In an age where relationships are often measured by appearances, social media posts, and outward displays of affection, many couples are discovering a painful truth: physical closeness does not always translate into emotional connection. Two people can share the same bed, hold hands in public, and even maintain a seemingly happy home, yet remain strangers to each other’s deepest thoughts, fears, dreams, and struggles. This reality is captured in the thought-provoking message that emotional intimacy goes far beyond physical intimacy. While physical attraction may ignite a relationship, emotional connection is what sustains it. When emotional bonds weaken, relationships begin to suffer quietly, often long before any visible signs of trouble emerge.
One of the greatest misconceptions about love is the belief that affection alone is enough to keep a relationship healthy. In reality, genuine love requires much more than romantic gestures and physical presence. It requires understanding, communication, trust, empathy, and the willingness to be vulnerable with one another. Without these elements, couples may coexist rather than truly connect. Many relationships today are experiencing a silent crisis. Couples are spending more time together physically but less time engaging meaningfully.

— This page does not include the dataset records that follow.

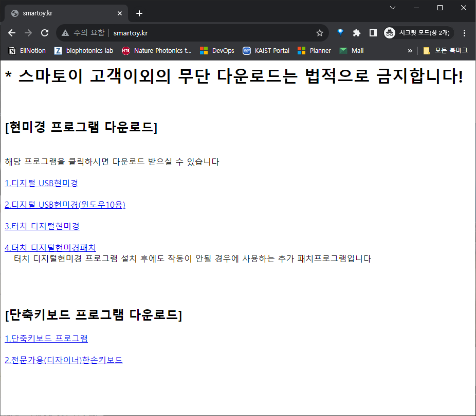 기본적으로 키보드를 연결하면 1~9번 버튼은 abcd 순으로 할당되어있고, 노브는 기능 할당이 안 되어 있었던 것 같다. 이를 변경하려면 홈페이지(smartoy.kr)에 들어가서 프로그램을 받아 줘야 한다. 그런데 홈페이지가 아래와 같이 너무 단순하게 생겼다. 제품에 대한 자신감인지 뭔지 아니면 디자인같은 거 모르는 공돌이가 만든 건지 흰 배경에 기본 폰트로 된 글자뿐이고 필요한 기능 외에는 아무것도 없다. 그런데 A/S를 위한 고객센터 연락처같은 것도 없다... 이 부분은 좀 아쉽긴 하지만 어쨌거나 나는 기능 불량은 아직 안겪고 있고 프로그램도 잘 돼서 문제 없이 쓰고 있다.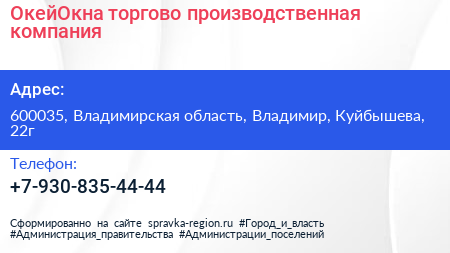 ОкейОкна, торгово-производственная компания по адресу 600035, Владимирская область, Владимир, Куйбышева, 22г в дальнейшем Организация, размещена в следующих категориях: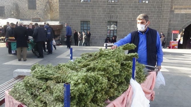 Hava sıcaklıkları düşmesiyle birlikte Diyarbakır'da vatandaşlar soğuk havalarda hastalıklardan korunmak için doğal yöntemlere başvuruyor. Kentte özellikle kış çaylarına talep artarken bunların başında gelen adaçayı da tezgahlarda yerini aldı. Bağışıklık sistemini güçlendirerek, grip ve soğuk algınlığına iyi geldiği düşünülen adaçayı korona virüsten korunmak isteyenlerin de bir numaralı içeceği haline geldi.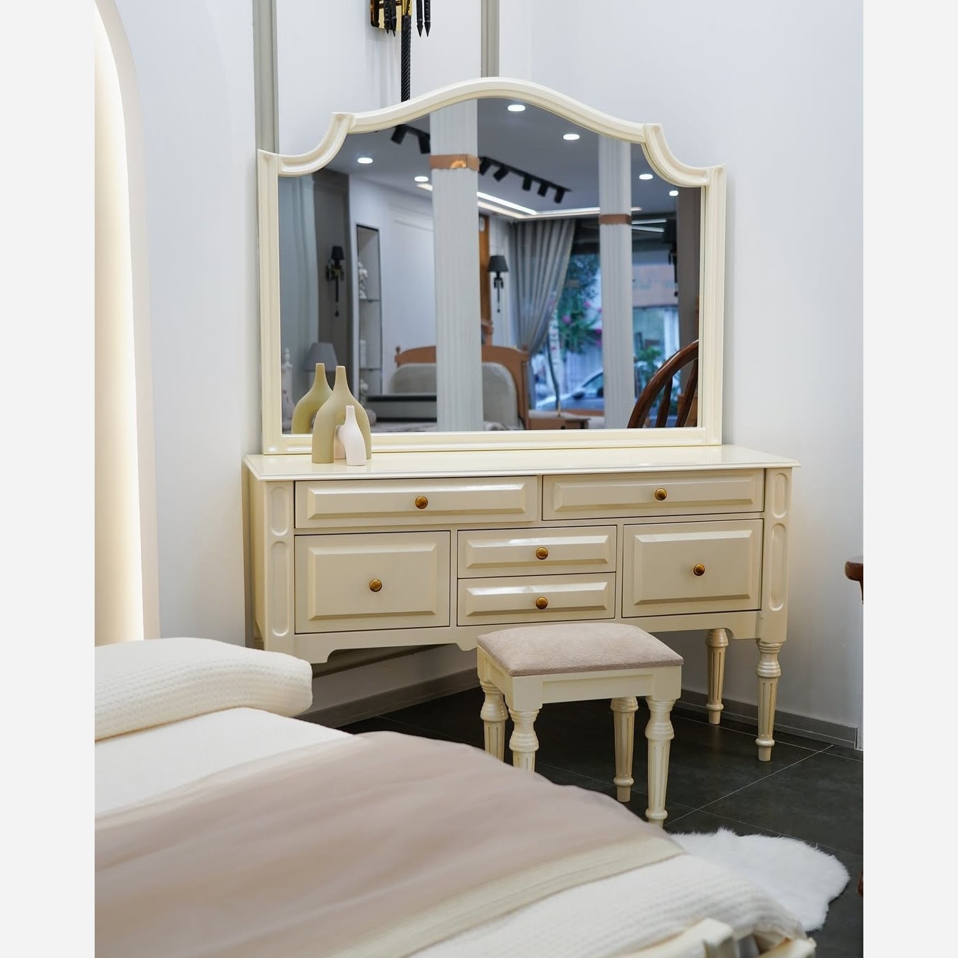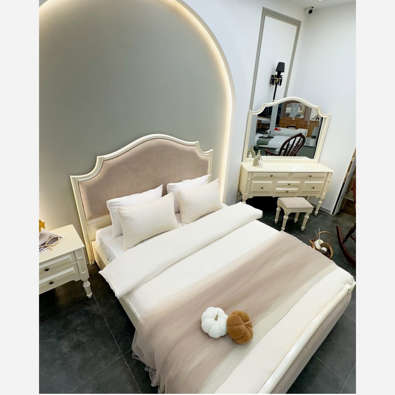 تخت خواب الیزا سرویس کامل جنس تمام ام دی اف شامل کلگی تخت بالا و پایین دو عدد پاتختی میزارایش و صندلی هزینه فایل و کفی تخت جدا می باشد ارسال به سراسر کشور بصورت

Busy schedules, work pressures, financial challenges, digital distractions, and personal ambitions have reduced many conversations to routine exchanges about bills, children, responsibilities, and daily survival. The deeper conversations that nurture emotional intimacy are gradually disappearing.
As a result, many partners feel unseen, unheard, and misunderstood. They may be present in the relationship physically, but emotionally they feel isolated. This emotional distance often creates frustration, resentment, and loneliness. Ironically, a person can feel more alone in a relationship lacking emotional connection than when they are physically alone. The danger of emotional disconnection is that it rarely announces itself loudly. Unlike dramatic conflicts or public scandals, it develops gradually. It starts when couples stop sharing their feelings openly. It grows when assumptions replace communication. It deepens when one partner feels consistently ignored, dismissed, or taken for granted. Over time, the relationship loses its warmth and vitality.This explains why some marriages and relationships that appear perfect from the outside eventually collapse unexpectedly.
 Observers are often shocked because they only saw the physical togetherness, not the emotional distance that had been growing for years beneath the surface. Relationships do not usually break down overnight; they deteriorate through the accumulation of unresolved emotional gaps. Building emotional intimacy, therefore, requires deliberate effort. It is not a one-time achievement but a daily commitment. Emotional connection is built through consistent acts of attention, kindness, and understanding. It develops when partners genuinely listen to each other without judgment. It grows when people feel safe enough to express their fears, disappointments, and aspirations without fear of criticism or rejection. Trust plays a crucial role in this process. Emotional intimacy flourishes in an environment where honesty is valued and confidentiality is respected. When trust is broken, emotional walls quickly rise.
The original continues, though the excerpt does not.